VwGH 2009/18/0094

VwGH2009/18/009419.6.2012

Der Verwaltungsgerichtshof hat durch den Vorsitzenden Senatspräsident Dr. Pallitsch, den Hofrat Mag. Eder, die Hofrätinnen Mag. Merl und Mag. Dr. Maurer-Kober sowie den Hofrat Mag. Straßegger als Richter, im Beisein der Schriftführerin Mag. Krawarik, über die Beschwerde des CG in W, vertreten durch Mag. Dr. Roland Kier, Rechtsanwalt in 1010 Wien, Kärntner Ring 6, gegen den Bescheid der Sicherheitsdirektion für das Bundesland Wien vom 5. Februar 2009, Zl. E1/242.686/2008, betreffend Versagung eines Personalausweises und Entziehung eines Reisepasses, zu Recht erkannt:

Normen

12010E020 AEUV Art20;
12010E021 AEUV Art21;
32004L0038 Unionsbürger-RL Art27 Abs1;
32004L0038 Unionsbürger-RL Art27 Abs2;
32004L0038 Unionsbürger-RL Art4 Abs3;
32004L0038 Unionsbürger-RL;
62010CJ0430 Hristo Gaydarov VORAB;
EURallg;
PaßG 1992 §14 Abs1 Z3 litb;
PaßG 1992 §14 Abs1 Z3 litf;
PaßG 1992 §19 Abs2;
VwGG §42 Abs2 Z1;
12010E020 AEUV Art20;
12010E021 AEUV Art21;
32004L0038 Unionsbürger-RL Art27 Abs1;
32004L0038 Unionsbürger-RL Art27 Abs2;
32004L0038 Unionsbürger-RL Art4 Abs3;
32004L0038 Unionsbürger-RL;
62010CJ0430 Hristo Gaydarov VORAB;
EURallg;
PaßG 1992 §14 Abs1 Z3 litb;
PaßG 1992 §14 Abs1 Z3 litf;
PaßG 1992 §19 Abs2;
VwGG §42 Abs2 Z1;

 

Spruch:

Der angefochtene Bescheid wird wegen Rechtswidrigkeit seines Inhaltes aufgehoben.
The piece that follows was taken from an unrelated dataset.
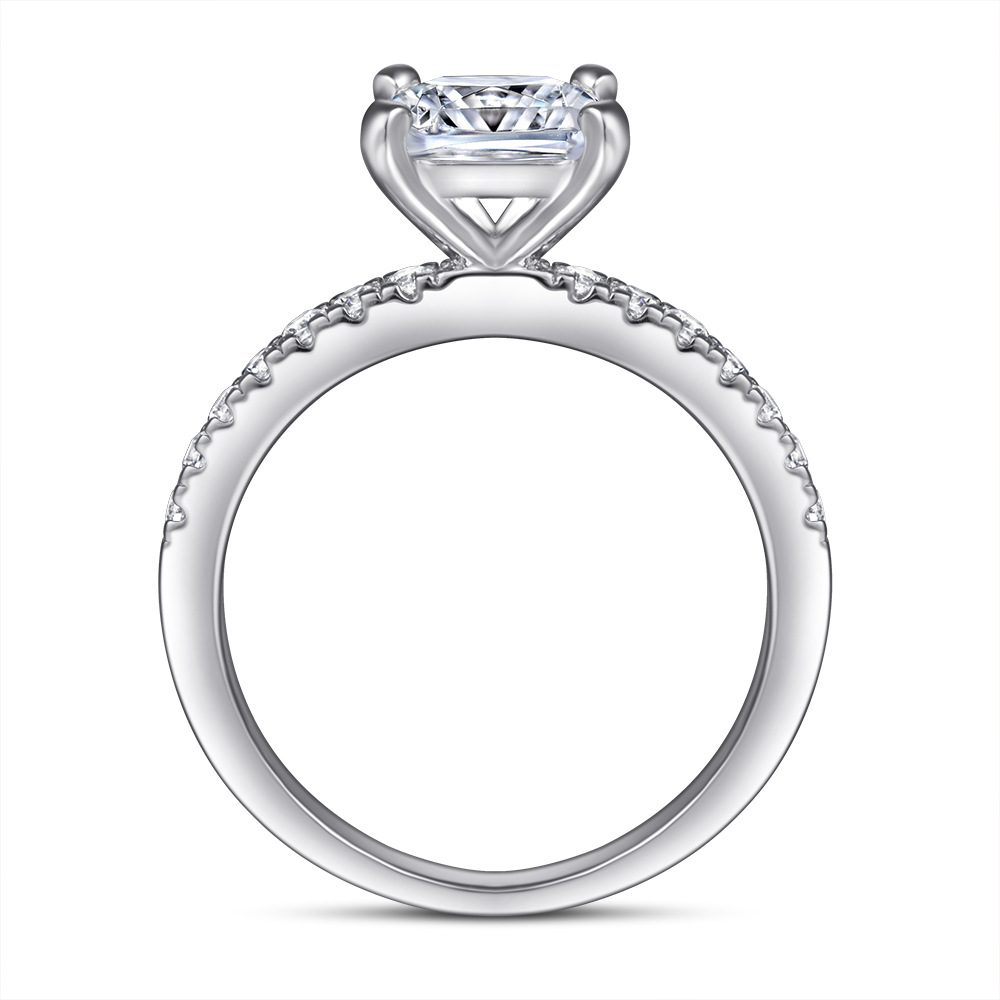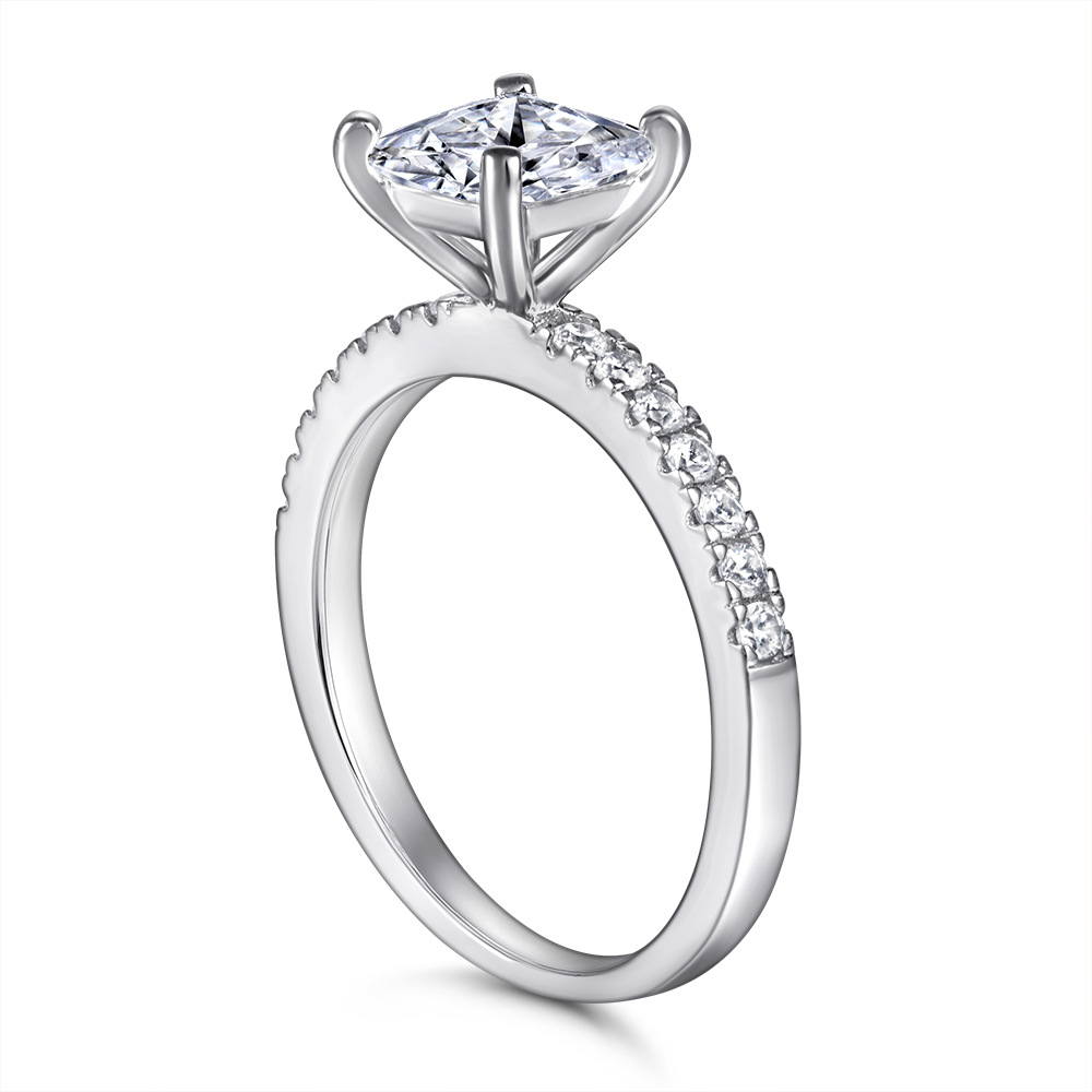 S925 Silver Ring Female Proposal 1 Carat Wedding Diamond Ring White Gold Square Imitation Diamond Ring Manufacturers Wholesale

Der Bund hat dem Beschwerdeführer Aufwendungen in der Höhe von EUR 1.326,40 binnen zwei Wochen bei sonstiger Exekution zu ersetzen.

Begründung

I.

Mit dem angefochtenen, im Instanzenzug ergangenen Bescheid entzog die belangte Behörde gestützt auf § 19 Abs. 2 und § 14 Abs. 1 Z 3 lit. b und lit. f Passgesetz 1992 (PassG) dem Beschwerdeführer seinen österreichischen Reisepass und wies seinen Antrag auf Ausstellung eines österreichischen Personalausweises ab. Unter einem wurde dem Beschwerdeführer aufgetragen, er möge den entzogenen Reisepass der Behörde vorlegen.

In ihrer Begründung führte die belangte Behörde aus, der Beschwerdeführer sei vom Landesgericht Eisenstadt mit Urteil vom 23. Juni 2004 wegen näher angeführter Vergehen nach dem Finanzstrafgesetz zu einer bedingt nachgesehenen Freiheitsstrafe von acht Monaten sowie zu einer Geldstrafe von EUR 550.000,-- und einer Verfallsersatzstrafe von EUR 9.500,-- verurteilt worden. Im Wesentlichen habe sich diese Verurteilung auf im Jahr 2001 und im März 2002 begangene Tathandlungen betreffend den Schmuggel von Zigaretten bezogen. Die über den Beschwerdeführer verhängte Freiheitsstrafe sei letztlich mit Urteil des Obersten Gerichtshofes vom 7. Dezember 2004 auf sechs Monate und zwei Wochen und die Geldstrafe auf EUR 420.000,-- herabgesetzt worden. Weiters weise der Beschwerdeführer eine rechtskräftige Verurteilung vom 21. April 2004 durch das Landesgericht für Strafsachen Wien nach dem Suchtmittelgesetz auf. Er sei zu einer bedingt nachgesehenen Freiheitsstrafe von 16 Monaten verurteilt worden. Dieser Verurteilung sei zugrunde gelegen, dass der Beschwerdeführer im Juni 2002 und im Herbst 2003 Suchtgift geschmuggelt habe.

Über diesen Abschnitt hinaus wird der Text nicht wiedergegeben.